スチャラカ・スピーチ後日談 --03.02.05

 

うはは。笑うしかないな。
なんと4ヶ月近くも間が空いてしまった。こんなことさぼり性のボクでも初めてかも。

というか、理由はある。
人生史上最大の腰痛に見舞われたから、である。
激しい腰痛を始めとして、頭痛、眼痛、左足付け根の違和感、左足親指の痺れ、と、上から下まで不具合が出た上に倦怠感・虚脱感までじっとりカラダを支配した。

いろいろ調べてくると「男の更年期」ということもかなり疑われた。
「VDT症候群(別名:テクノストレス眼症)」の可能性も濃厚であった。1日最低12時間はパソコン触っている生活だったしね。

ボク的には「1年半前の激務(1週間のうち3日は徹夜していた)の疲れが今頃出てきたこと」と「夏の自転車事故で左肩打ったことの後遺症が出てきたこと」も理由のひとつなのではないかと思っているのだが、とにかくこれらの不具合がここまでいろんなものへの好奇心ややる気を削ぐとは思わなかったのである。
1995年にサイトを始めて以来ほとんどかかしたことのない「おもしろ本」の月頭更新を、なんと3ヶ月も滞らせたことが、その削げ方を物語っているでしょ。

なんとか「さなメモ」だけは更新しつづけたが、「デスクの前に座れないくらい腰が痛い」上に「一度座ったら二度と立ち上がれないくらい腰が痛い」ので、さなメモを書くのも多大の勇気が必要であった。
会社に行ってもデスクに座らず、立ったままキーボードをかちゃかちゃやっておったし(笑


というわけで、4ヶ月ぶりの不定期日記なのだな。
10月から今日までいろんなことがあった。
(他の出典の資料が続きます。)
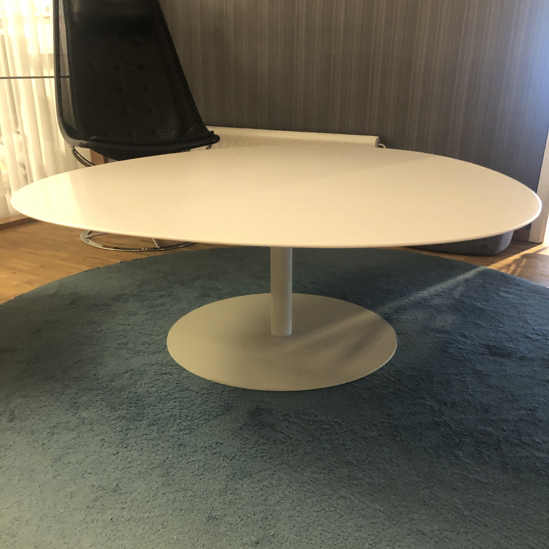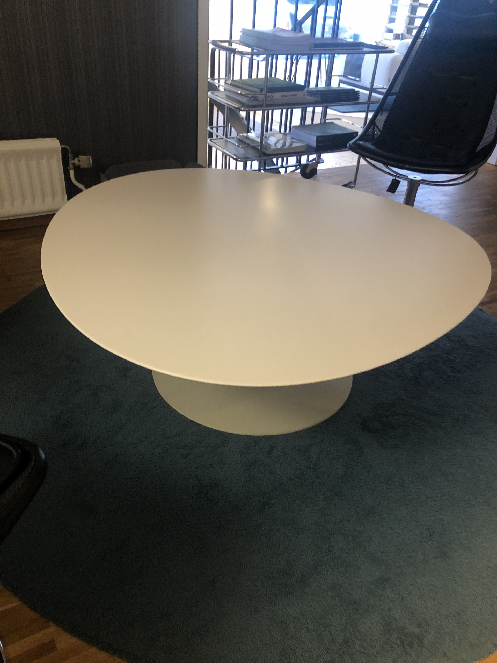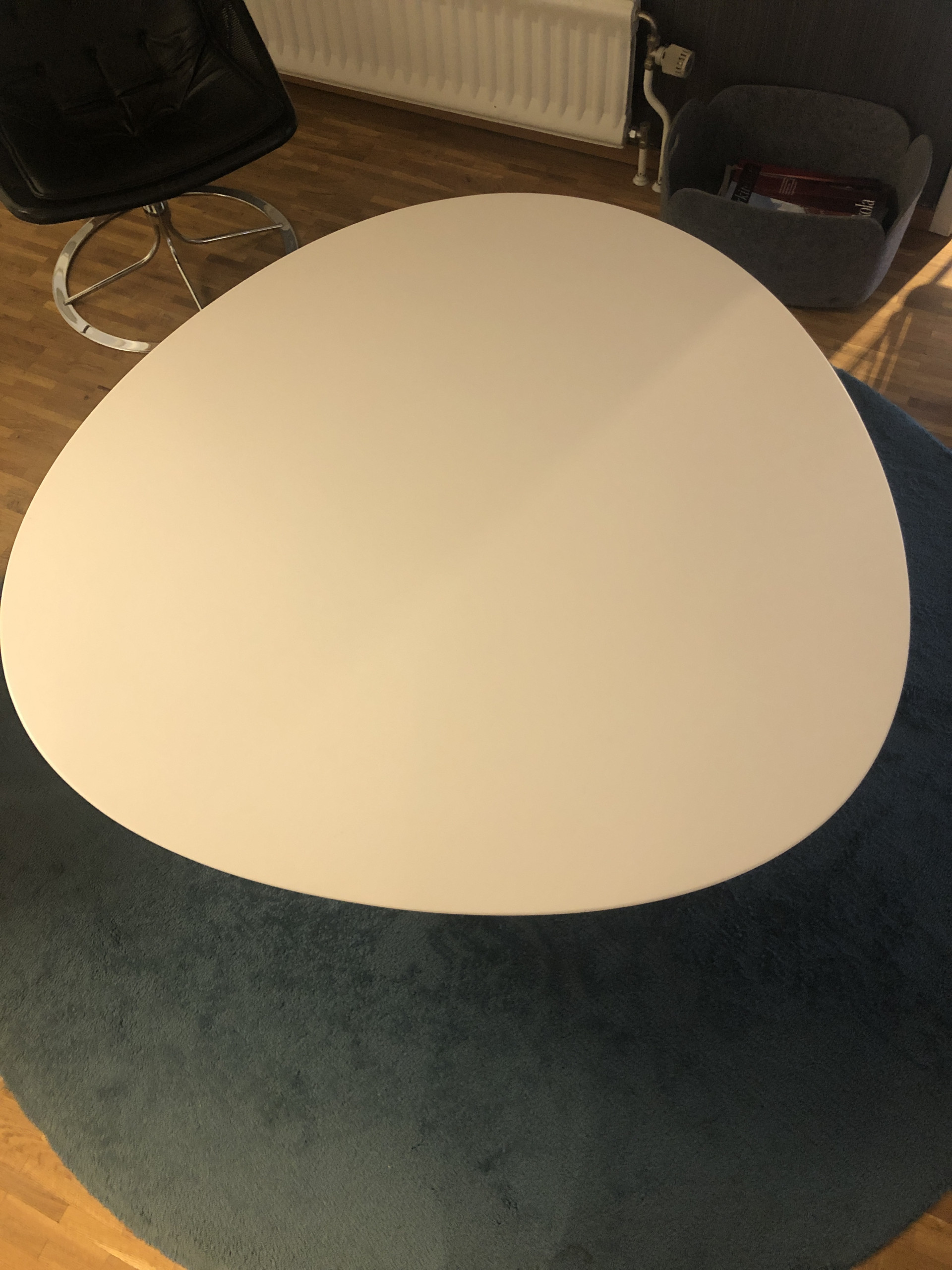 Bordplate i komposittmateriale (hvit). Understell i metall (hvit).

「犬を飼い始める」「東洋医学への傾倒」「車を捨てる」「岩手と石垣の恋の物語」「イラクについての事実」「マスコミ性悪説」「空間デザイナー系レストラン批判」など、不定期日記に書きたい事柄もいっぱい溜まっている。

が、なにしろ4ヶ月ぶりである。
パソコン前に座る習慣から取り戻さないといけない(一時「パソコン禁止」のドクターストップかかっていたし)。文章の書き方からして思い出さないといけない。


で、今回はリハビリ的に、以下をもらったメールでごまかそうと思う。ま、このまま更新しなくなるよりはマシということでひとつ。

 

以下は2002年5月19日の不定期日記「スチャラカ・スピーチ代筆」の後日談である。

書き手はこの日記の最後の方で無断掲載しているメールをくださった会社の先輩の戸田さんである(あの大ぼけタクシーの話は大人気で反響がいっぱいあった)。今回もいただいたメールをそのまま載せちゃいます。
あ、本名出すと内容的に差し障るかもといまちょっとだけ思ったが、まぁええか〜(勝手)。

ま、あんなスピーチ原稿でもヒトの役に立ったということで。
良かった良かった。

 



ごぶさたですぅ。元気ぃ?

こないだ、学生時代の友だちの結婚式(二回目)があって、スピーチを頼まれたん。
せやけど、こいつ、電話が異常に長いゆうこと以外、笑えるエピソードがなんもない男で(人間はものごっつぅええねんけど)困り果てておりましたところ、貴殿のスチャラカ・スピーチを拝読(なんか急に丁寧語)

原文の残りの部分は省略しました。